For the first time tonight I managed to read the last paragraph without a constricted throat and tears welling. Who do you think White was thinking of when he penned these words, or was Charlotte just as real to him as he has made her be for me?

“Wilbur never forgot Charlotte. Although he loved her children and grandchildren dearly, none of the new spiders ever quite took her place in his heart. She was in a class by herself. It is not often that someone comes along who is a true friend and a good writer. Charlotte was both.”

Comments 7
Anonymous Posted July 14, 2005 at3:52 am   Reply

Thanks for the tingles.

Rebecca Posted July 14, 2005 at12:46 pm   Reply

Happy to oblige.

Paul Marchbanks Posted July 14, 2005 at4:31 pm   Reply

You’re so right–this novel’s like poetry (as I told my wife after my last reading of it a few years ago). I’ve read fewer that were better written.Thanks for the quick stroll down memory lane (yeah, I suppose the pun’s intended). Haven’t been able to read much American fiction since my first year in grad school, but fondly remember teaching Gatsby a few years ago, as well as working back in undergrad on the self-deception and memory manipulation of various American literary figures (including Gatsby). An interesting question, to what degree we should value the past.

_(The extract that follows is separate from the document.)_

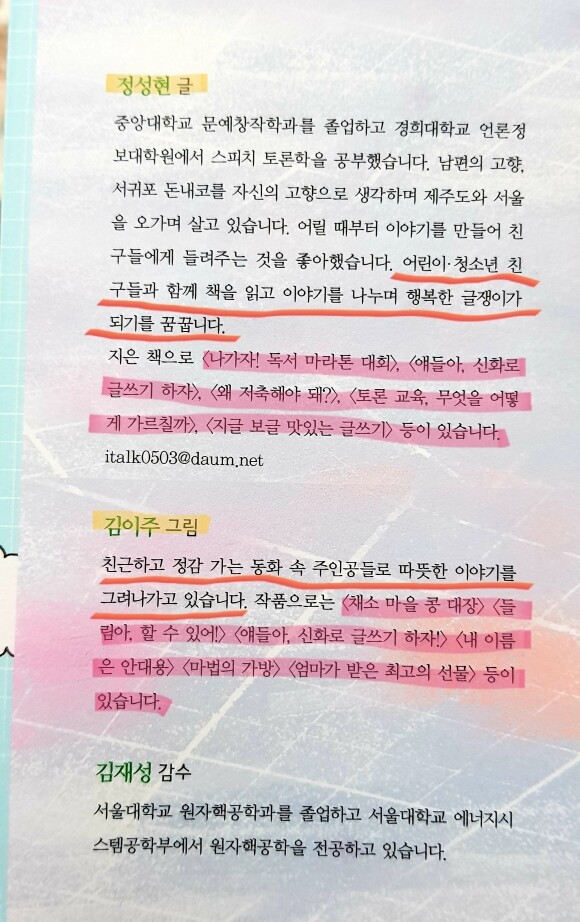 지은 책으로는 『행복한 초대』, 『장수 경쟁!』, 《갈매기 유치원》시리즈 등이 있다.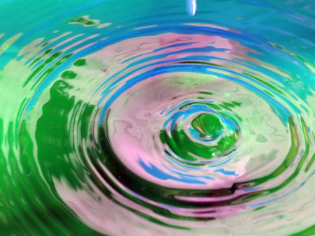 beautiful patterns on the surface of the multicolored liquid after the impact of a drop of water

T. S. Eliot and Faulkner would say there’s little else to know, but then, we’re sure not supposed to let *live* in it (anyone familiar with the enormous photo gallery I’ve created for our family will hopefully laugh at my hypocrisy here). Fitzgerald’s metaphor sure is the right one, isn’t it? It’s so much easier to release the oars and get swept back into what it’s so easy to romanticize.Some good readin’ you got goin’ there.

Paul M. Posted July 14, 2005 at4:32 pm   Reply

Oh, and though I’ve never read Charlotte’s Web, I did play the role of Templeton in a community production of the play once upon a time!More good memories you’re provoking!

Anonymous Posted July 16, 2005 at2:43 pm   Reply

Paul M, you MUST read Charlotte’s Web! I’m not sure how many times I’ve read it, Rebecca, but I know I’ve not read it to Madelyn, so it’s time for another go at getting through the last paragraph without tears!

Rebecca Posted July 18, 2005 at2:26 am   Reply

Paul,Yes, Fitzgerald’s Gatsby is a *perfect* book. I’ve had the pleasure of teaching it a number of times. There’s nothing like teaching something for learning it.I am fascinated by memory, too, and am working heavily with it in my creative *project*. We looked at memory a bit in a modernist course I took; I really enjoyed Proust’s treatment of memory in Swann’s Way, and hope to look at that more in depth.But I don’t take Fitzgerald’s last line as a willing surrender to memory, preferring it to the present or even the future. To me, it reads that memory is the current — we are naturally drawn backward, even though we set our boats “against the current”; almost trying to avoid it?Help me if I’ve got that wrong.And– for heaven’s sake!– read Charlotte’s Web!!!!

Paul Marchbanks Posted July 18, 2005 at12:58 pm   Reply

Oh, no–I totally agree with your reading of those lines: memory as current we usually row against, though sometimes it’s far easier to let it carry us back into the rosy haze of the recreated not-now.